Description
Tarballs contain more information than we need (e.g. users, groups, fine-grained permissions, timestamps), and also allows representing the same information in multiple ways (e.g. order of directory contents, files defined twice). The basic problems this creates is that files cannot be deterministically assembled into an archive. In practice this means:
- Directory registries cannot be verified against lockfiles as well
- Packages may accidentally depend on permissions only supported on some platforms
- Sources besides registries cannot be mirrored (distinct from what sorts of sources can serve as mirrors)
- Users may unintentionally leak information about their current system when publishing packages.
None of these is terribly pressing on its own, but hopefully they are worthy of a solution in aggregate.

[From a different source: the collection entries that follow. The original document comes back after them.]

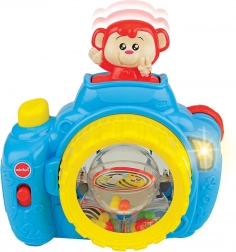 Fotoaparat s iskačućim majmunom je nevjerojatna igračka za djecu od 9 mjeseci, koja kombinira zabavu i učenje. Ovaj igraći fotoaparat s raznobojnim svjetlima i zvukovima idealan je za razvoj osjetilnih sposobnosti djeteta.
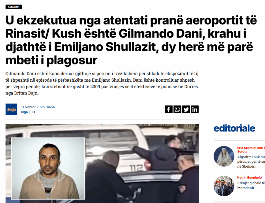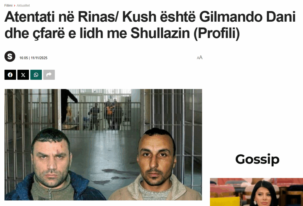 Pas atentatit që ndodhi më 11 nëntor 2025 afër aeroportit të Rinasit, mediat shqipfolëse nxituan të botonin emrin, foton dhe historinë kriminale të viktimës, Gilmando Dani. Megjithatë, disa prej tyre botuan foton e gabuar.
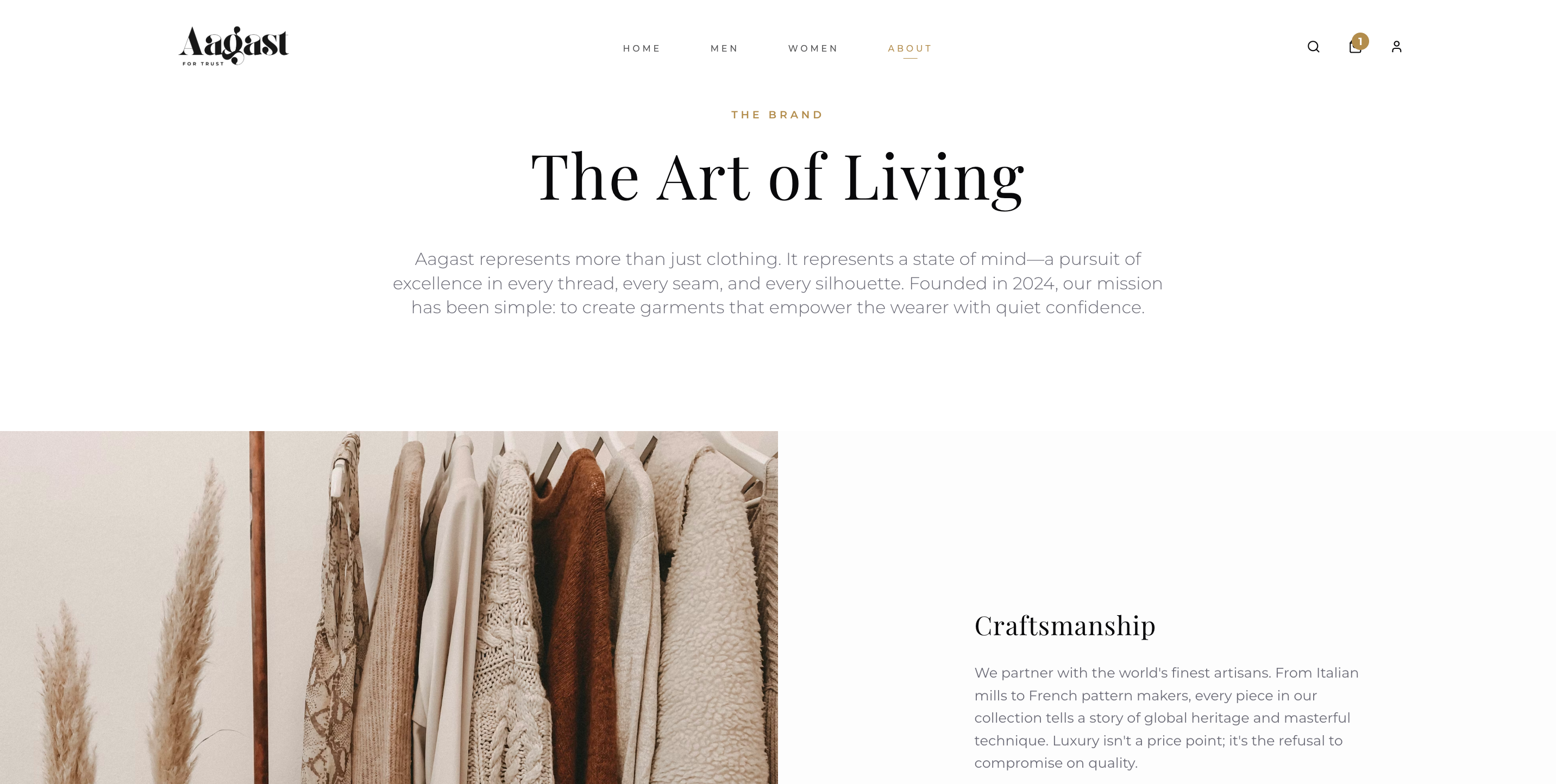 Every item in the Aagast collection is curated for its superior fabric and build. The website reflects this high standard through crisp, detailed imagery and a sophisticated layout.
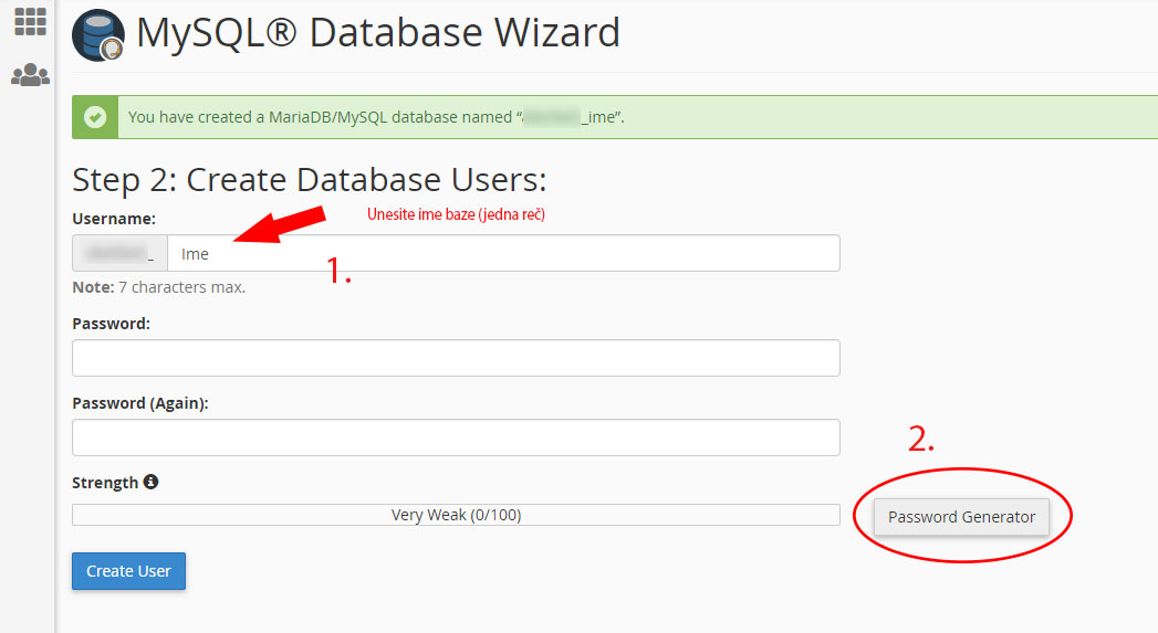 - Kreirajte ime korisnika (može biti isto kao i ime baze), zatim kliknite na dugme „Password Generator“
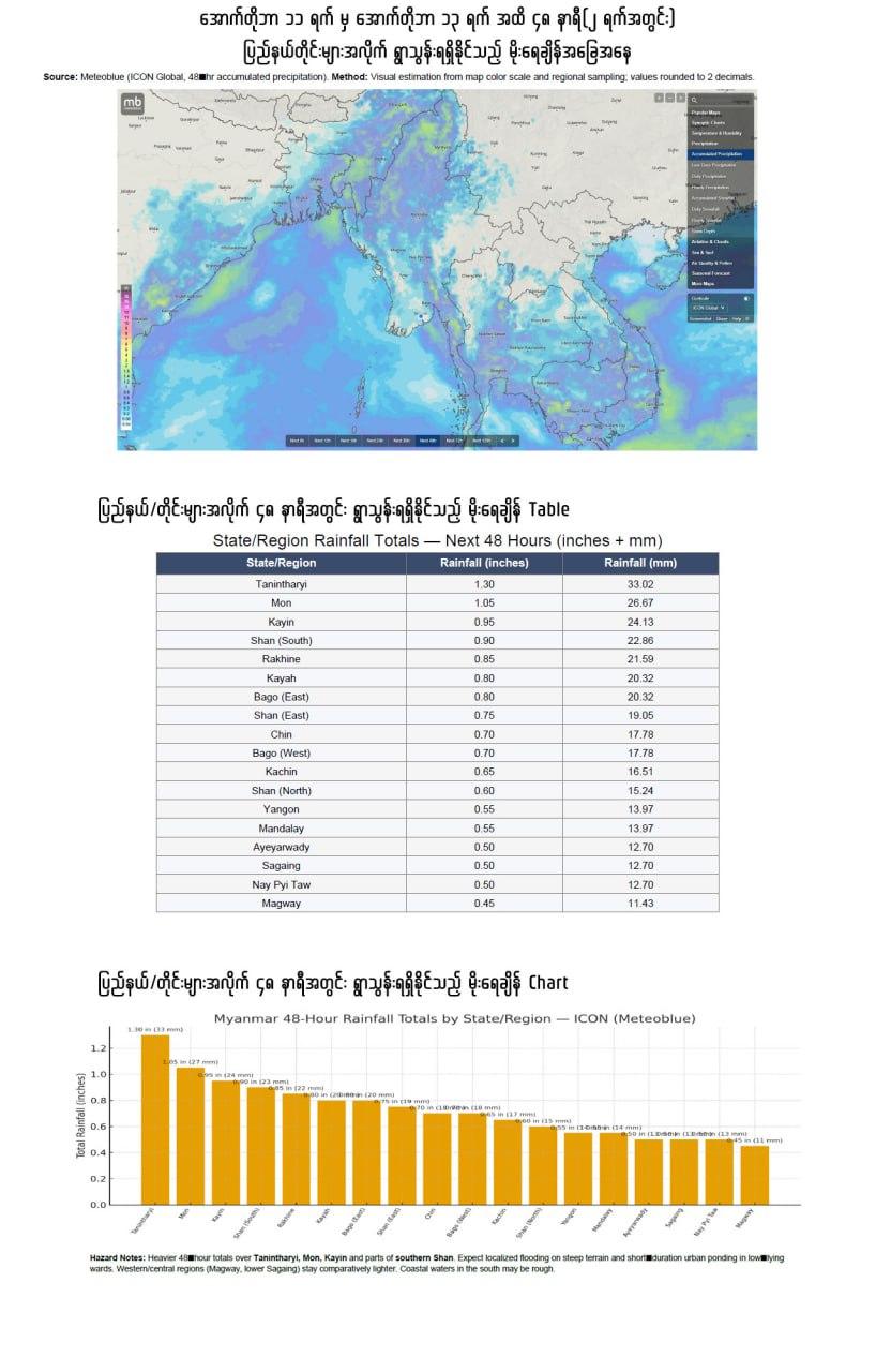 တနင်္သာရီတိုင်းနှင့် မွန်ပြည်နယ်တွေမှာ ၄၈ နာရီအတွင်း မိုးရေချိန် ၁ လက်မအထက်ရွာသွန်းရရှိနိုင်ပြီး မိုးအနည်းငယ်ပိုနိုင်ပါတယ်။
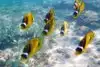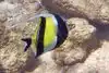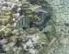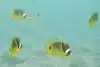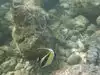 Oh man. I was in heaven. I swam in water about 8 feet deep that had amazing clarity I saw probably 30 - 40 different types of reef fish in less than an hour. In an area 10 feet by 10 feet you could see hundreds of fish. There were giant sized black and yellow Moorish Idols, masked Racoon Butterflyfish, needlelike blue Cornetfish, Blue Striped Butterfly Fish, brilliant turquoise fish that I think were Smalltrail Wrasse, 4-spot Butterfly Fish, the showy purple, orange and blue Saddle Wrasse, Yellowtail Wrasse, Whitespotted Puffers, striped Convict Tang and many other fish that I couldn't identify but were equally magical to watch.
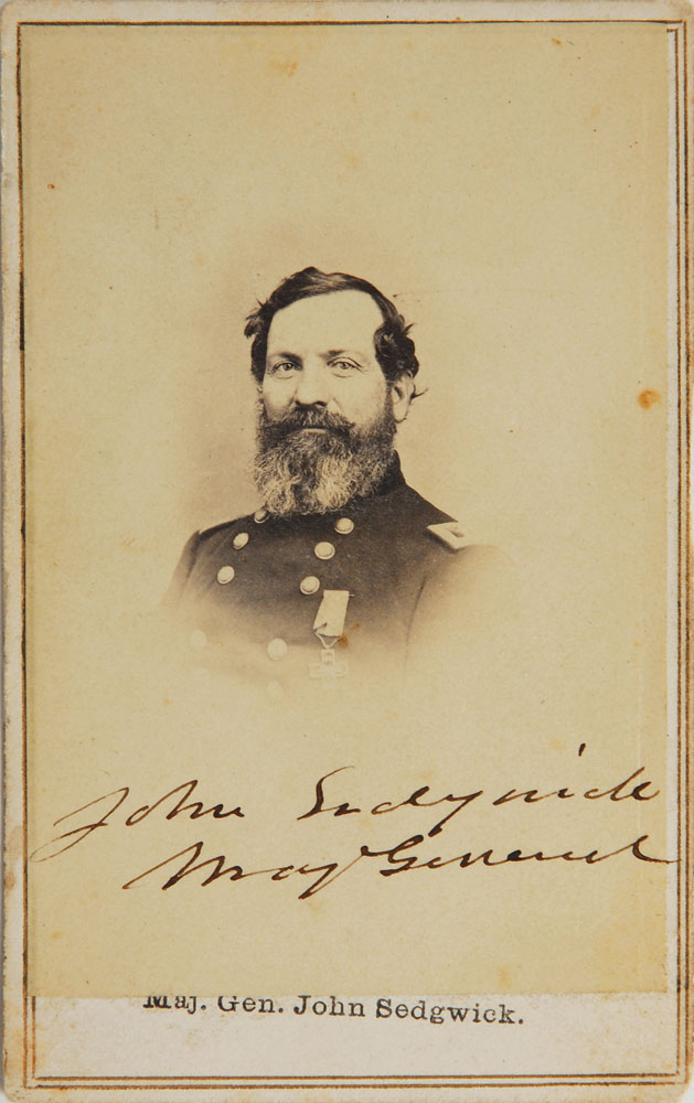 Union general (1813–1864) who was killed by Confederate sharpshooters at the Battle of Spotsylvania Court House, ironically while berating his men for hiding from enemy fire. Handsome 2.5 x 3.75 carte-de-visite bust-length portrait of Sedgwick posing in his military uniform, signed in ink, “John Sedgwick, Maj. General.” In fine condition. Pre-certified PSA/DNA.
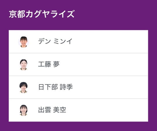 ノジマTリーグ 2025-2026シーズン 公式戦 10月11日開催 日本生命レッドエルフ vs 京都カグヤライズのベンチ入り選手を発表いたします。
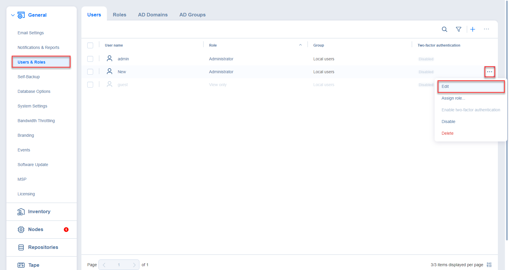 2. La página Usuarios & Roles se abre en la vista Usuarios. En la lista de usuarios, realice una de las siguientes acciones:
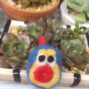 チクチクしたわよー😂💕 みてみて〜 羊毛フェルトでチキン🐔💕 一回ブスッと指刺しちゃった🥲 血~でた🥲💦 ✨初✨羊毛フェルトの割にいい出来栄え😂💕 自画自賛🤣🤣🤣 誰と写真撮ろうかなぁ〜と…… #サブセシリスさん なんだこのギャップ🤣🤣🤣 変なテンション入ってます💫 そして…… 昨日から寒いの……🥶 寒い雨🥶 半袖じゃ無理🥶 明日も雨で寒そうだから、 多肉の水やり雨任せ☔ 秋だと思って動き出せ😂💕
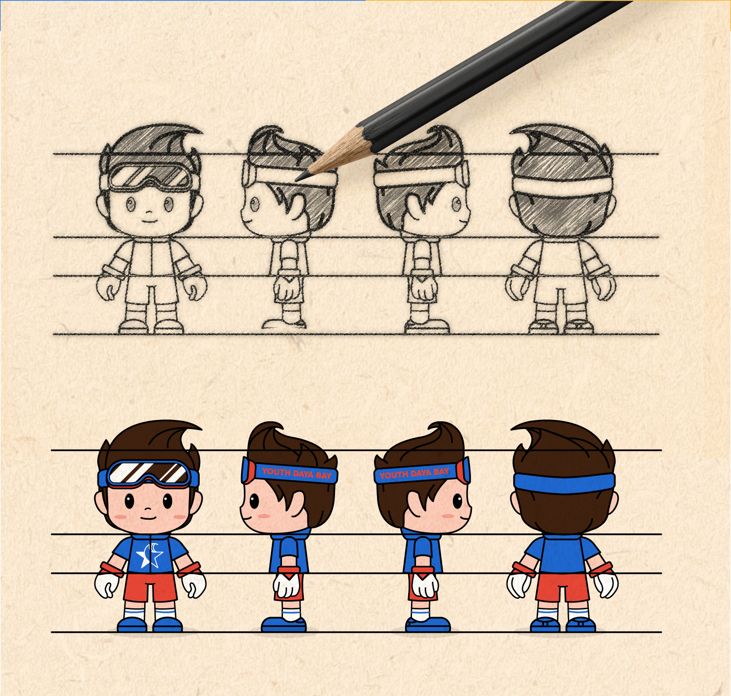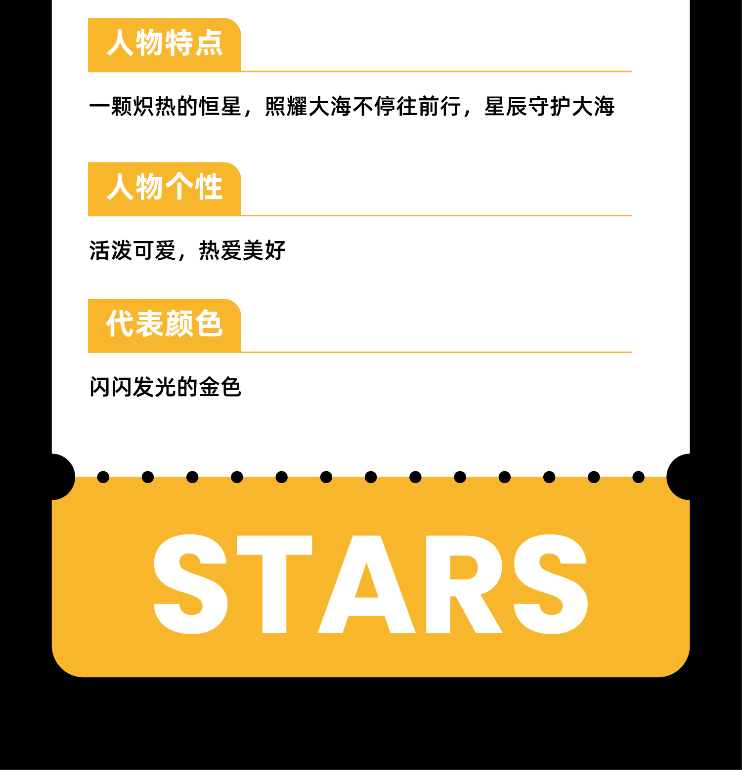 大亞灣區以海灣為名,整體的IP形象會以干練簡約的發型、服飾造型進行設計,將具有代表性的logo“星星符號”展現在人物身上,輔以其他工具,以“大亞灣紅”與“海的藍”作為主要的色調。用大眾熟知的面部元素、身形形態突出人物性格。

The solution is first carefully deciding which metadata we wish to support---the information our archives will contain, and then picking a canonical form for every possible archive containing that information. A thornier question is whether existing uploads should be normalized according to the chosen schema.
For backwards comparability, it is probably best to stick with some subset tar. This is what Debian does. Where an extraneous field cannot be elided, it should be constrained to some fixed value. Either the most expressive posix tar variant could be used, or the most minimal format that supports the information in question.
Other options might be git's tree objects or Nix's NAR. The Merkle DAG used by the former can lead to better error messages and free dedup, but SHA1 is dubiously secure. The latter can be hashed however we like, but still runs into backwards-compat.
CC @eternaleye